United Artists, edited by Bernadette Mayer and Lewis Warsh, ran for eighteen issues beginning in 1977. That is quite a lifespan for a mimeo mag. United Artists came in at the tail end of the Mimeo Revolution, but it was far from a last gasp. There was life in the poor, old, tired horse yet.
Looking at a complete run of United Artists got me thinking about the lifespan of a mimeo mag. By and large, mimeos are shooting stars, the literary equivalent of Jim Morrison, Jimi Hendrix, or Janis Joplin. The tragic number being 3 or 4 issues, and not 27. Mimeos die young and leave a good looking corpse.
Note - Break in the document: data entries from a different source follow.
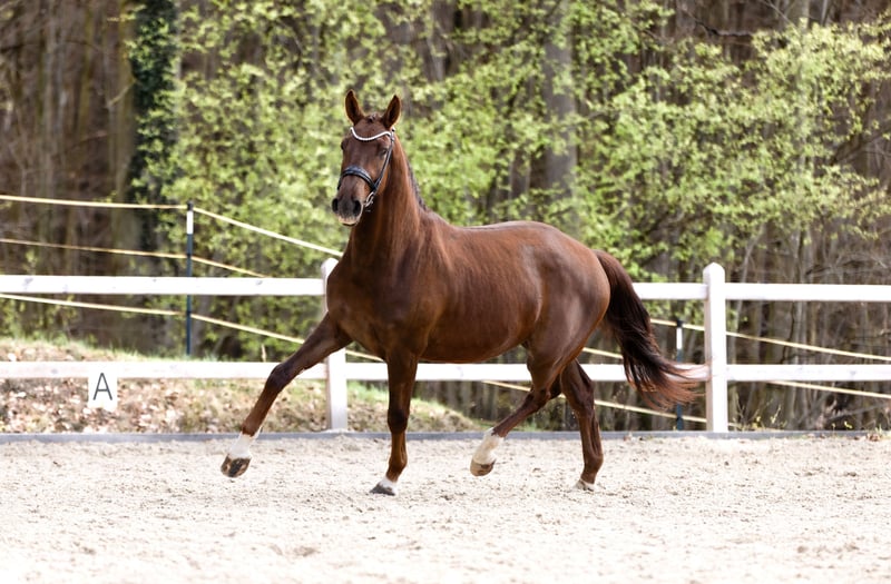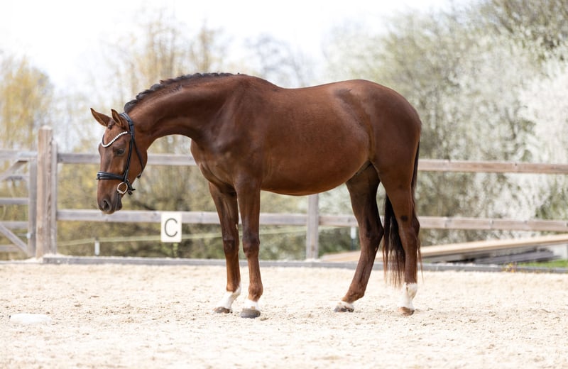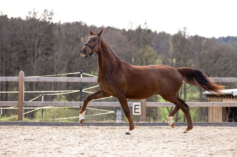 Verkaufe einen vielversprechenden deutschen Sportpferd-Wallach, geboren im Jahr 2023. Der elegante Dunkelfuchs besticht durch sein harmonisches Exterieur und sein vielversprechendes Potenzial im Dressursport.
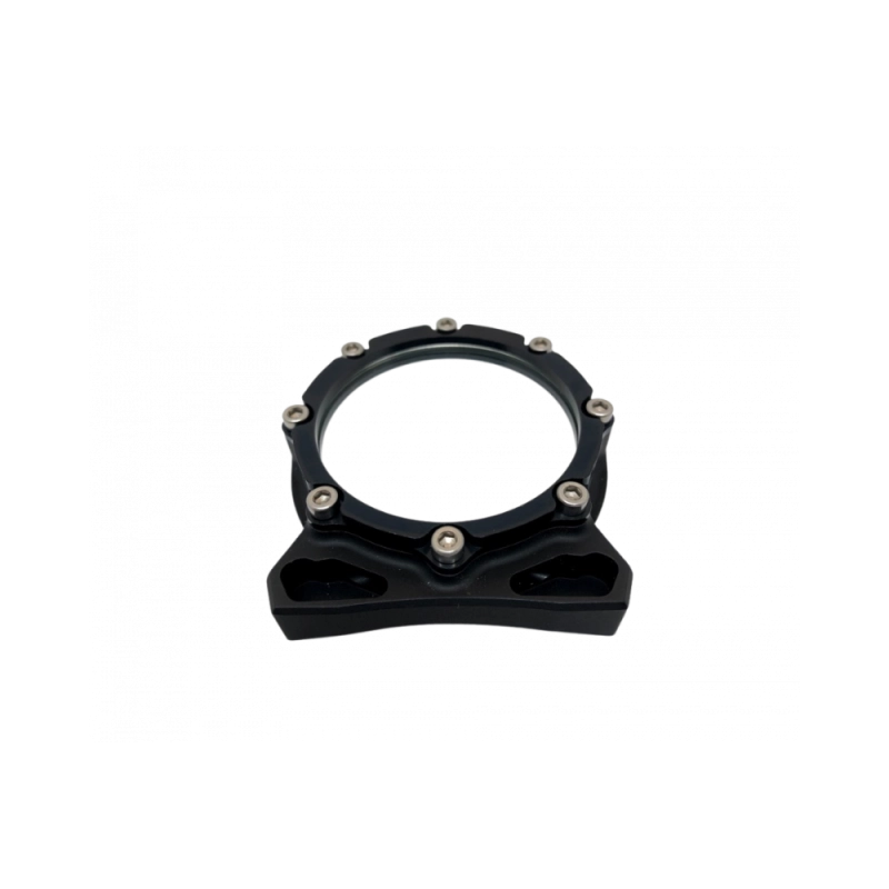Fabricado em alumínio anodizado T6082, está disponível em 8 cores e é fixado por um elástico de 4 mm.
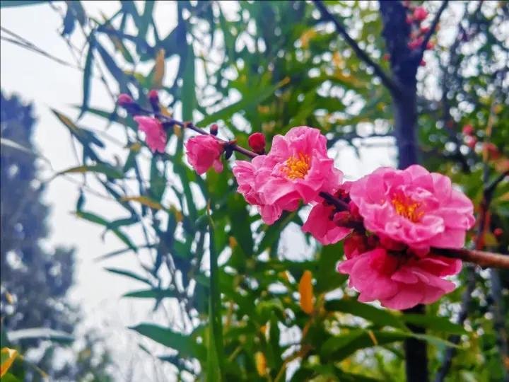公园里,迎春花竞相绽放,金黄一片,点缀在石缝与坡地间;岸边垂柳抽出新芽,枝条随风轻拂,绿意盎然;梅花含苞待放,红粉相间;山茱萸繁花点点,素雅清新。各色花木相映成趣,勾勒出迷人的春日画卷。

United Artist, like Floating Bear, C: A Journal of Poetry, or Fuck You, a magazine of the arts, is an exception. To reach double digit issues is an accomplishment. Real Age. Dog Years. Mimeo Time.
United Artists came into the world with a fresh face; any lines came not from the stress of gathering material, but from the joy of getting into print. There is an innocence to the early covers of United Artists. It could be easily read. Its cover page was a table of contents.
United Artists dressed the same, put on the same face, for fifteen issues. Yet there were signs of complacency. The issues were getting larger; the table of contents was getting longer. Issues twelve and Issues fifteen bulge and threaten to burst the staples. In my mind, a larger issue is not necessarily a sign of health. Hardening arteries, straining for breath, overweight. Success leads to excess. Gone is the lean, toned body of youth. Black Mountain Review Issue 6 and 7 were the largest issues, but they are the corpse of Black Mountain College. Bigger than life; too big to survive; like Maximus, like Olson himself.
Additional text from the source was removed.